Ein sehr eigenartiger Vorgang verläuft sich grade in Sachsen:
Ein Bäcker soll Steuern bezahlen, weil er seine Brote die er nicht mehr verkaufen konnte, "Der Tafel" - also finanziell minderbemittelten Menschen geschenkt hat; denn:
"Sachspenden an gemeinnützige Organisationen unterliegen der Umsatzsteuer - Paragraf 3 des Umsatzsteuergesetzes."

Die Nachforderung beträgt 5000 Euro.

Pfui!
Da hofft man sicherlich zurecht, dass dem einen oder anderen Finanzbeamten dieser menschenverachtenden Farse der Bissen beim morgendlichen Brötchen im Mund stecken bleibt!

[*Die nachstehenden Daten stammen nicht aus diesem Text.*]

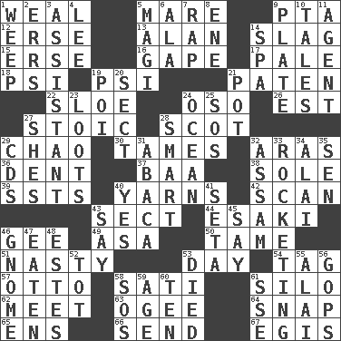 ACROSS 1. Welt 5. Female horse 9. Parent Teacher Association (abbr.) 12. Celtic language 13. Actor Alda or Thicke 14. Volcanic refuse 15. Celtic language 16. Stare wonderingly 17. Light colored 18. 23rd letter of the Greek alphabet 19. Air pressure measure (abbr.) 21. Eucharist need 22. _ gin 24. Bear (Spanish) 26. Eastern Standard Time (abbr.) 27. Unemotional 28. Highlander 29. US Secretary of Labor Elaine L. _ 30. Domesticates 32. Ancient river in northeast Turkey 36. Scratch 37. Sound made by sheep 38. Not divided or shared with others 39. Fast planes 40. Entertaining tales 42. Examine minutely or intensely 43. Religious group 44. 1973 Nobel Price Winner (Physics) Leo 46. Unit of force equal to gravity 49. White ___ sheet 50. Docile 51. Thoroughly unpleasant 53. 24 hours 54. Label 57. "Beetle Bailey" pooch 58. Suttee (variant) 61. Grain storage tower 62. Confront 63. Double curve, resembling the letter S 64. Fastener 65. Followers of ems 66. Transmit 67. Armor plate that protects the chest DOWN 1. Shed a tear 2. Blunders 3. Aide 4. Area sheltered from the wind 5. Wise men 6. Insect wing 7. Reproach for some lapse or misdeed 8. Compass dir. 9. Food holder 10. Falsehoods 11. Representative 14. Health resort 19. Luau course 20. Religious group 21. Cooking vessel 23. Plunders 24. Sea 25. Distress signal 27. "______ My Girl" (Turtles hit) 28. Don Adams' spy role 29. Music discs 31. Phillipine bananalike plant 32. Indian state 33. Shooting up abruptly 34. Mountain range southwest of Kyrgyzstan 35. Elected rep. 40. Affirmative reply 41. Bristle 43. Declare 45. Declare 46. Dwarf 47. Eroded 48. _____ Park, CO 52. Small child 53. Passed on 55. Jai _ 56. Republicans 58. Mayday 59. Ripen 60. "___ Little Indians" 61. Compass dir.

Derzeit leben schätzungsweise eine Million Menschen in Deutschland von den kostenlosen Spenden-Zusatzleistungen der Tafeln, daher sie es sonst mit ihrer Sozialhilfe nicht schaffen würden.


Quelle: Der Spiegel

Göttingen: Unregelmäßigkeiten bei der Organspende

Wie Organspende in Deutschland auch aussehen kann, das Zeigt ein Fall in Göttingen: Dort wurden Unregelmäßigkeiten bei der Vergabe gespendeter Organe gefunden.
Die Staatsanwaltschaft Braunschweig ermittelt nun.

Quelle: TAZ

Samstag, 14. Juli 2012

Vodafone / D2
Netzausfall in Essen-Nord/Ost

Wer so grade auf sein Handy schaut und sich wundern sollte: Das Handynetz von Vodafone ist im Bereich Essen-Nord/Ost zusammen gestürzt.